Dorothy's Place (I have decided to rerun a column I did in April, 1999. While working on my income taxes yesterday, I was reminded of it.) I paid our income tax last week. I was feeling a little blue. If the IRS said I we owed so much, how come we didn’t have more left? I was trying to see the bright side. I was trying to convince myself things were good. I said, “Self, be thankful you owe something. It means you earned something.” I have a roof over my head. You can tell by looking at me, I’m not hungry. I’m able to get warm in winter and cool in summer. I have a new car, small, middle-of-the-line but it looks classy and I like it. Life is pretty good. Still, I had to pay the IRS for that goodness. So, I have a right to feel sorry for me. Another woman I know appears to have everything. Her home is gorgeous. She has a cleaning crew to keep it spotless. Her lawn is a perennial showcase, thanks to the hired gardeners. The hired maintenance company keeps the pool clean and clear. She just swims or has catered parties around it. The exercise room is well equipped. She has a personal trainer. And, treat of all treats, she has a masseuse who gives her regular massages. Her wardrobe looks like something straight out of the top fashion magazines. Her hairdresser keeps her dyed, dried, curled and coiffed at least twice a week. Her tax man came

to her house. He figured her taxes. She owed the IRS. She said she can’t understand. If she owes that much, how come she doesn’t have more left? She was feeling a little blue. I have to admit, I had a little trouble feeling sorry for her. Then she told me a story that I consider to be about the ultimate. This same woman believes in trading her car every other year, just because it is two years old. That is how she’s always done it. Last time, she bought a new Cadillac. Then shortly thereafter she decided to take a trip around the world. Her mechanic came out to the house and removed the battery from her new car.
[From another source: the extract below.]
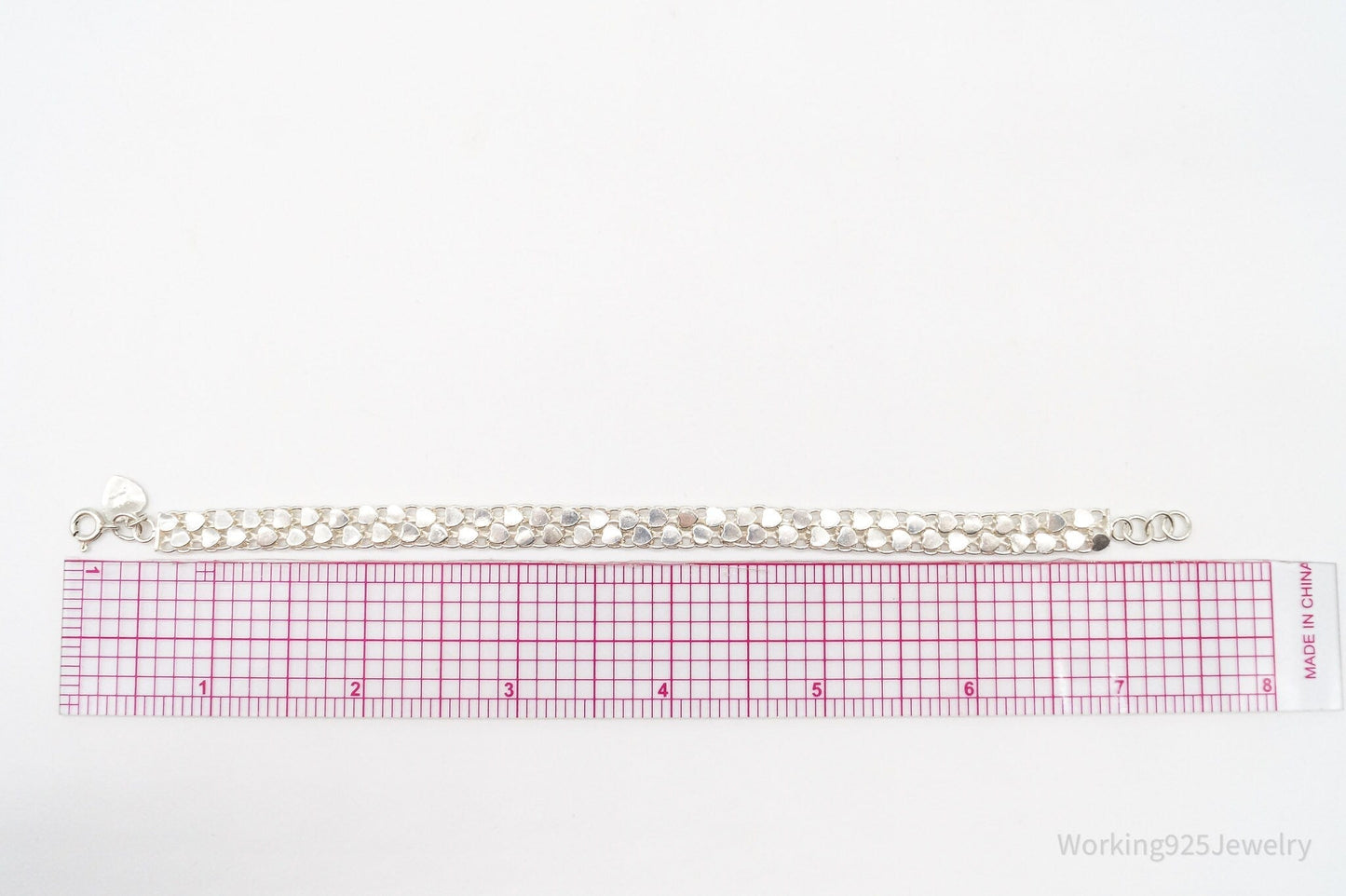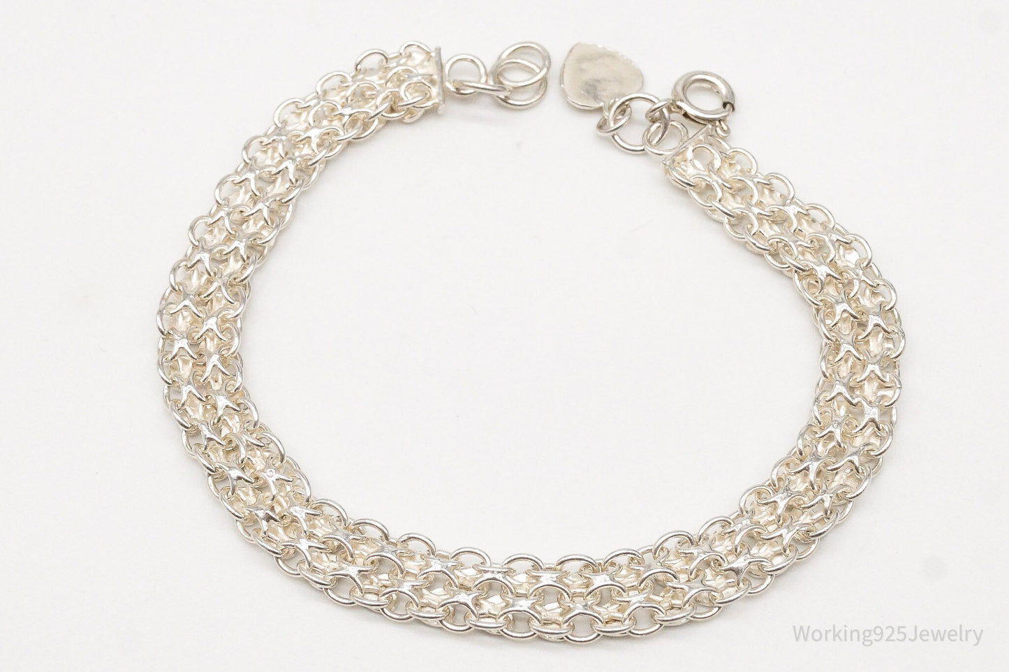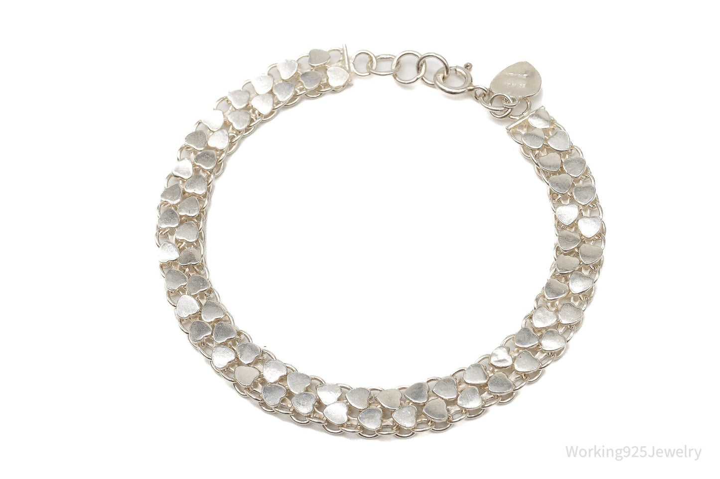 Vintage Hearts Mesh Chain Link Silver Bracelet Working 925 Jewelry
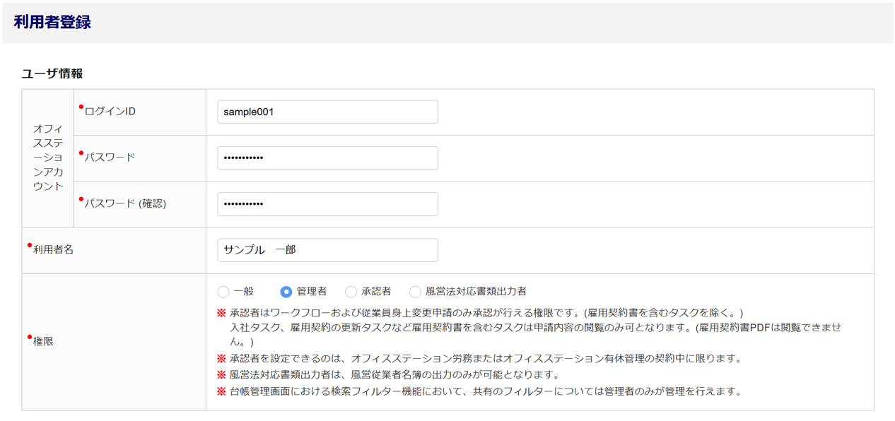 利用者ごとにログインIDを設定し、必要な情報を登録してください。

She was gone a year. She had a house sitter but not a car driver. It sat in the garage while she was gone. When she came home, the mechanic returned to replace the battery. He lifted the hood. Inside that beautiful garage attached to that luxurious home, common rats had gnawed all the wiring of her elegant Cadillac. I still have a little trouble feeling sorry for her, but I’m not feeling so blue any more. Meaning has returned to my life. I’m going to spend what I have left to print a bumper sticker. I’ll put it on my classy little car. It will read “The Rats Ate My Cadillac.” Who will know the difference? (I didn’t have to get the sticker printed. My Heart-son and wife got it for me. It is now 2010 and I’m still tooling around town in that same classy little car. It is still wearing that same sticker.)